Aim of the exercise → Leaving every image behind, reproduce the records word for word.

___ Information shown

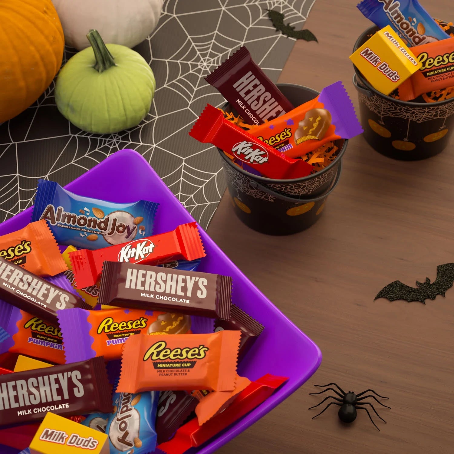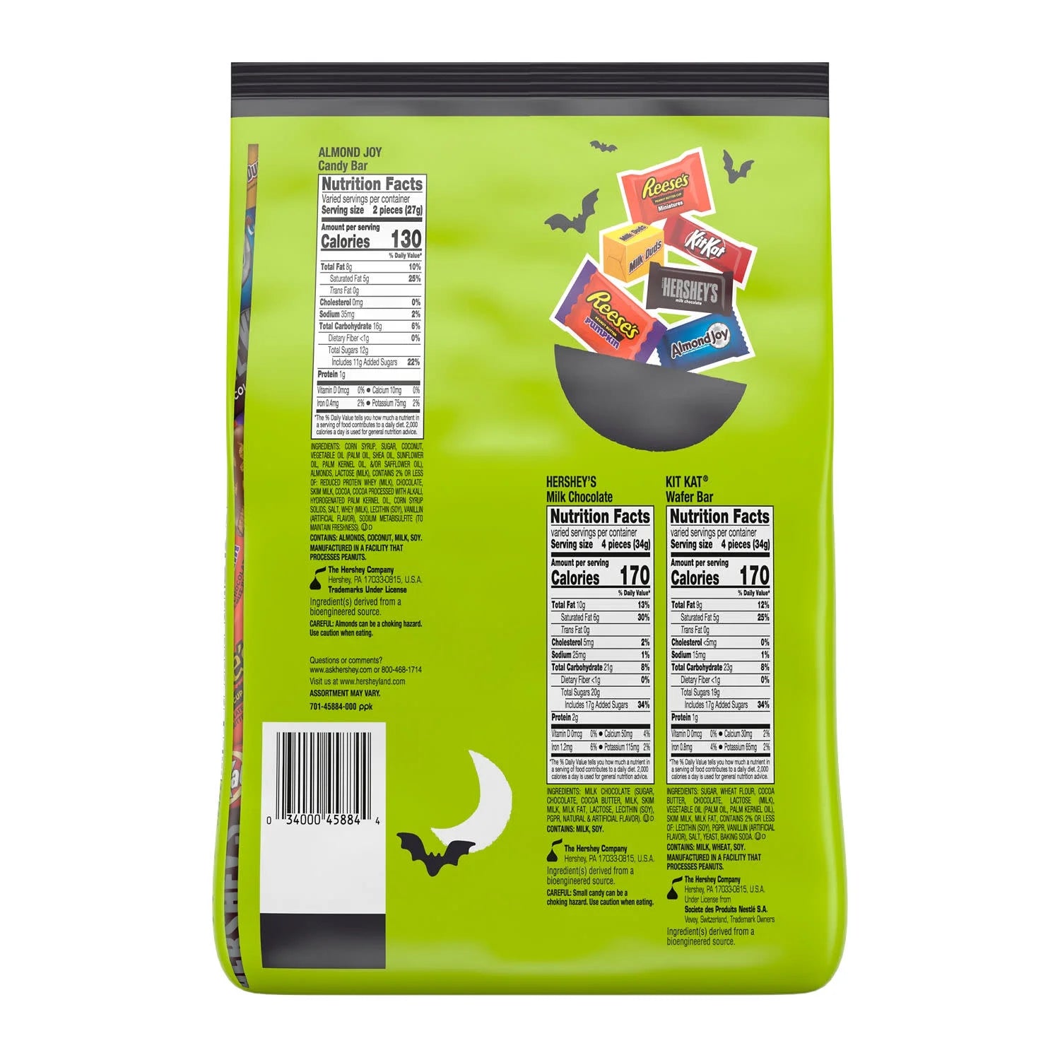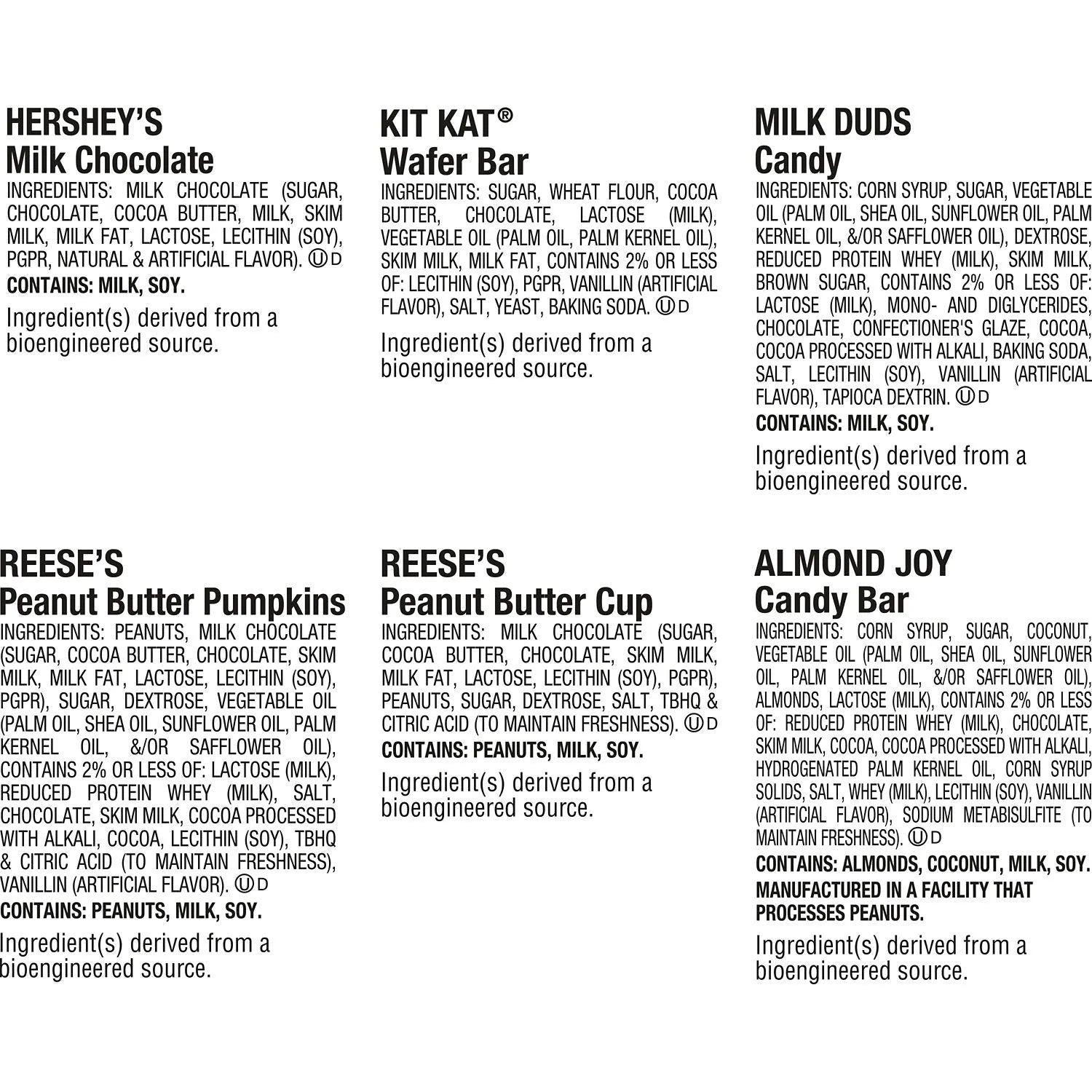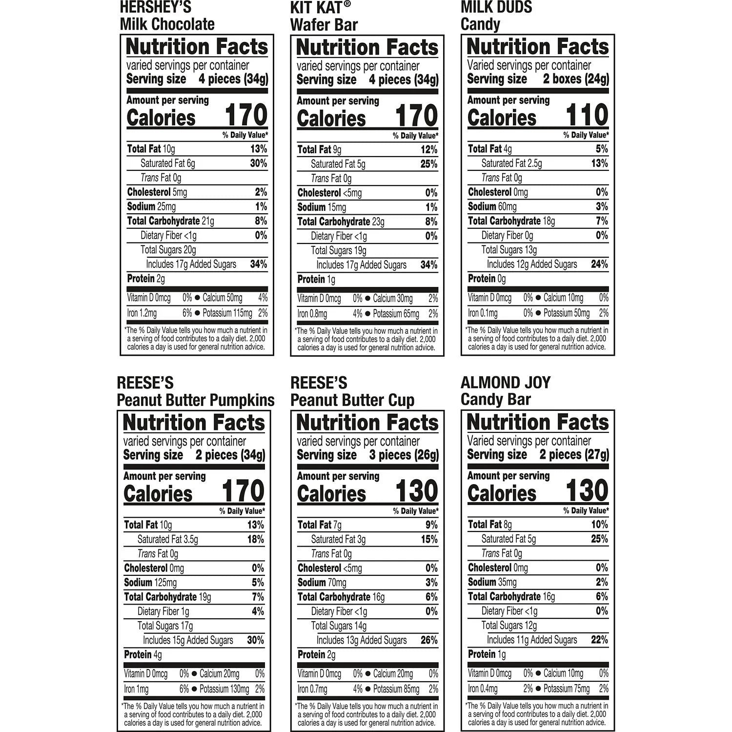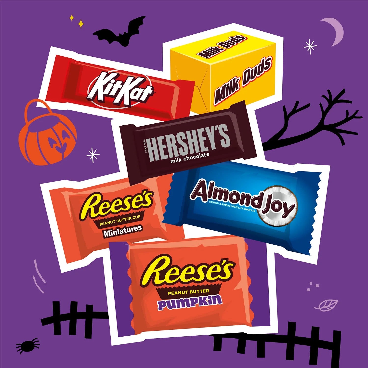 - Includes REESE'S milk chocolate peanut butter cups and pumpkins candy, HERSHEY'S milk chocolate candy bars, KIT KAT milk chocolate wafer bars, ALMOND JOY coconut and almond chocolate candy bars and MILK DUDS chocolate caramel candy
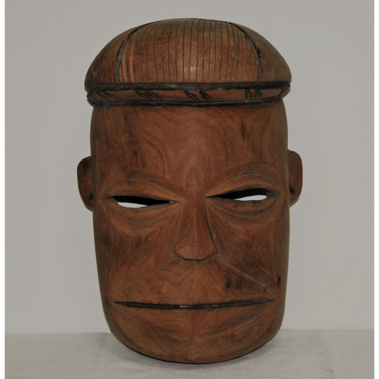 Grande máscara, artesanato africano esculpido em madeira. Sem assinatura. Século XX.
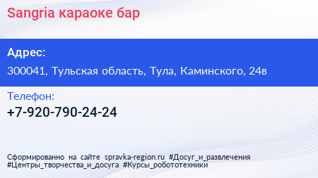 Sangria, караоке-бар по адресу 300041, Тульская область, Тула, Каминского, 24в в дальнейшем Организация, размещена в следующих категориях:
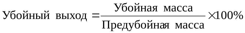 Убойный выход – это отношение убойной массы к предубойной живой массе, %:
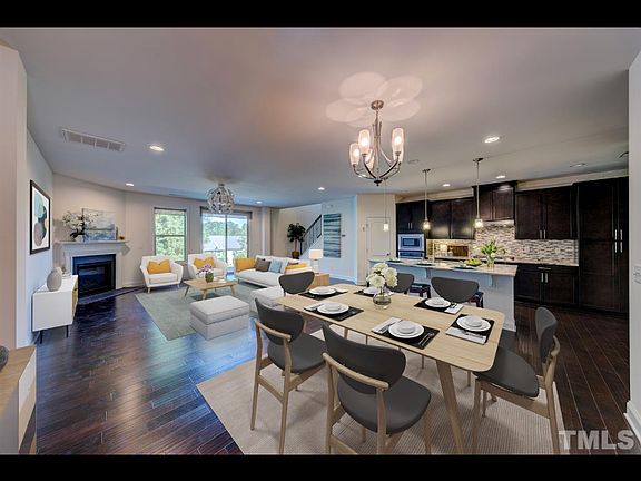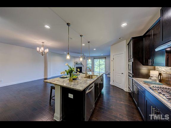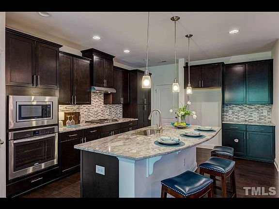Freshly painted immaculate west facing luxury town home at Green Hope Crossing. Wood flooring on 1st floor & stairs. Gourmet kitchen w/ GAS cook-top, GRANITE, SS appliances, pantry, centralized air conditioning, energy efficient, Ring Security system, attached 2 car garage & ceiling fans in living & all bedrooms. Large island opened to the family & dining room and wooded views. Large master suite with big walk in closet, tiled shower and floors. Loft area, Laundry rm, 2 secondary bedrooms each with walk in closets and Jack and Jill bath. Top rated non-capped schools, parks, shopping & community pool with additional parking. Garage includes extra storage racks.

______

Result →
 - Includes REESE'S milk chocolate peanut butter cups and pumpkins candy, HERSHEY'S milk chocolate candy bars, KIT KAT milk chocolate wafer bars, ALMOND JOY coconut and almond chocolate candy bars and MILK DUDS chocolate caramel candy
 Grande máscara, artesanato africano esculpido em madeira. Sem assinatura. Século XX.
 Sangria, караоке-бар по адресу 300041, Тульская область, Тула, Каминского, 24в в дальнейшем Организация, размещена в следующих категориях:
 Убойный выход – это отношение убойной массы к предубойной живой массе, %:
Freshly painted immaculate west facing luxury town home at Green Hope Crossing. Wood flooring on 1st floor & stairs. Gourmet kitchen w/ GAS cook-top, GRANITE, SS appliances, pantry, centralized air conditioning, energy efficient, Ring Security system, attached 2 car garage & ceiling fans in living & all bedrooms. Large island opened to the family & dining room and wooded views. Large master suite with big walk in closet, tiled shower and floors. Loft area, Laundry rm, 2 secondary bedrooms each with walk in closets and Jack and Jill bath. Top rated non-capped schools, parks, shopping & community pool with additional parking. Garage includes extra storage racks.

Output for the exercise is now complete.